* _Requirement_
In the listing that follows, the lines starting at the one containing "프로야구 넥센 히어로즈와" and ending at the one containing "ヨーロッパスペインの右翼がカ" are to be returned exactly, both boundary lines included, and no others.

* _Data for this exercise_
____________________

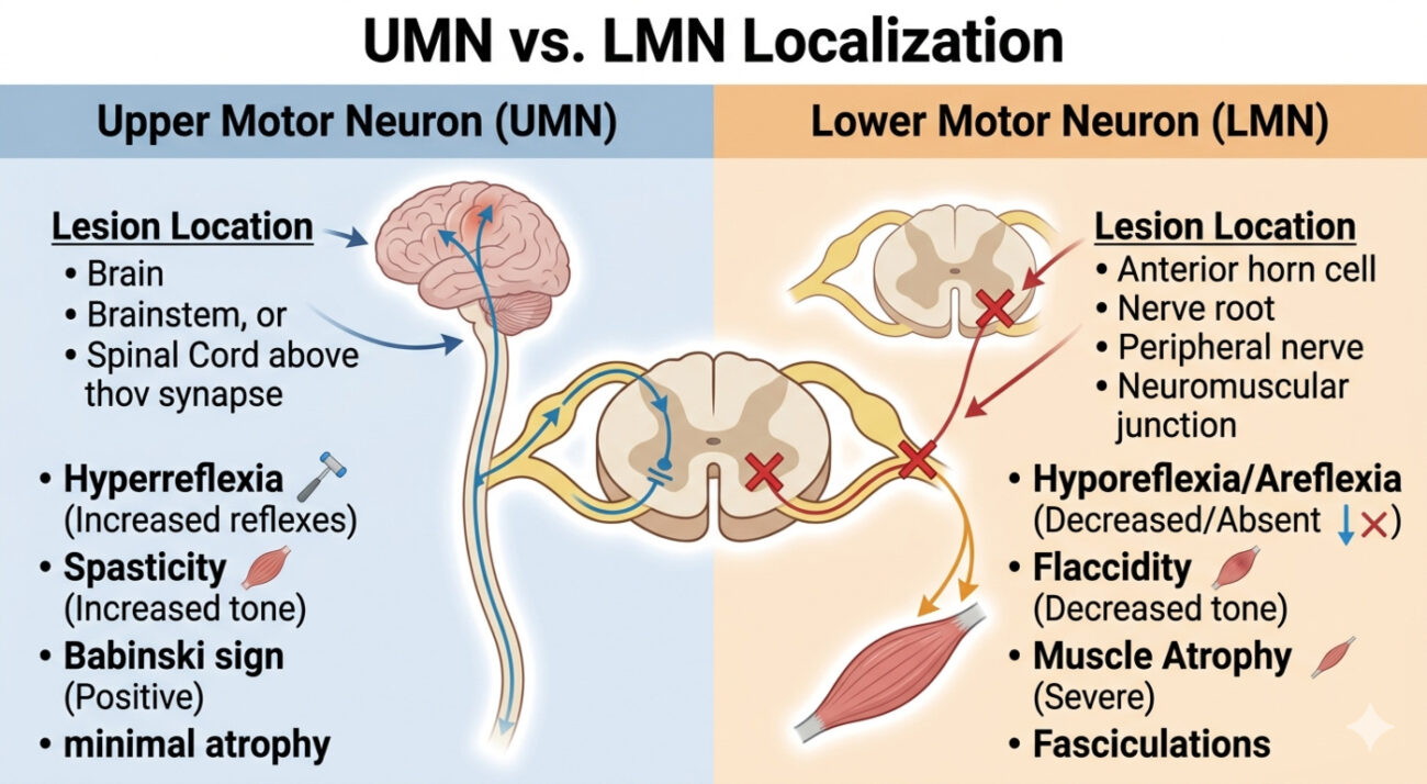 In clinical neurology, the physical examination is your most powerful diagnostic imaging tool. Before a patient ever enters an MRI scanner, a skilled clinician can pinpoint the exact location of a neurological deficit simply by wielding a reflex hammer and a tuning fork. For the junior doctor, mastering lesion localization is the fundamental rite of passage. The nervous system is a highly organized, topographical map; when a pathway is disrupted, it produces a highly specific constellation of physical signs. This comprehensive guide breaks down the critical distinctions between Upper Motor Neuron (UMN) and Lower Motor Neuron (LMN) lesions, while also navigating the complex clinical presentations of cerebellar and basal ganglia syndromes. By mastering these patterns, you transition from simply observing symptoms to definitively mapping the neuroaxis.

____________________

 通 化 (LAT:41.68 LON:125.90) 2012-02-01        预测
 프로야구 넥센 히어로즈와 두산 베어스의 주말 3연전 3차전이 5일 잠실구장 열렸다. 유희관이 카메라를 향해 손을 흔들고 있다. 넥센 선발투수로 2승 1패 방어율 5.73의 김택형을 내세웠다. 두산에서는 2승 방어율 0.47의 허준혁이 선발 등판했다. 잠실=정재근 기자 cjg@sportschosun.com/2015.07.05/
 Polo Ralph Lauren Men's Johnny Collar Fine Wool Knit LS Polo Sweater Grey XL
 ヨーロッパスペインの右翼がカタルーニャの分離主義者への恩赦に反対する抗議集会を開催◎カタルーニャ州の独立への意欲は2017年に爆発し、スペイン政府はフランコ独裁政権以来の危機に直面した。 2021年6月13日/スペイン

____________________

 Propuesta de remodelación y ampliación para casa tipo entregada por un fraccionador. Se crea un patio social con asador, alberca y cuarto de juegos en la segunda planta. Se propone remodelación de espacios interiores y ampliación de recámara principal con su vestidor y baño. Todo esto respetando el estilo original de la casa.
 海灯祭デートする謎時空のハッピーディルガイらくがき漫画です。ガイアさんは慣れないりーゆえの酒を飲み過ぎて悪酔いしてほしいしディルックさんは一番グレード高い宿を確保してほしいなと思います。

____________________

* _Written answer_
 프로야구 넥센 히어로즈와 두산 베어스의 주말 3연전 3차전이 5일 잠실구장 열렸다. 유희관이 카메라를 향해 손을 흔들고 있다. 넥센 선발투수로 2승 1패 방어율 5.73의 김택형을 내세웠다. 두산에서는 2승 방어율 0.47의 허준혁이 선발 등판했다. 잠실=정재근 기자 cjg@sportschosun.com/2015.07.05/
 Polo Ralph Lauren Men's Johnny Collar Fine Wool Knit LS Polo Sweater Grey XL
 ヨーロッパスペインの右翼がカタルーニャの分離主義者への恩赦に反対する抗議集会を開催◎カタルーニャ州の独立への意欲は2017年に爆発し、スペイン政府はフランコ独裁政権以来の危機に直面した。 2021年6月13日/スペイン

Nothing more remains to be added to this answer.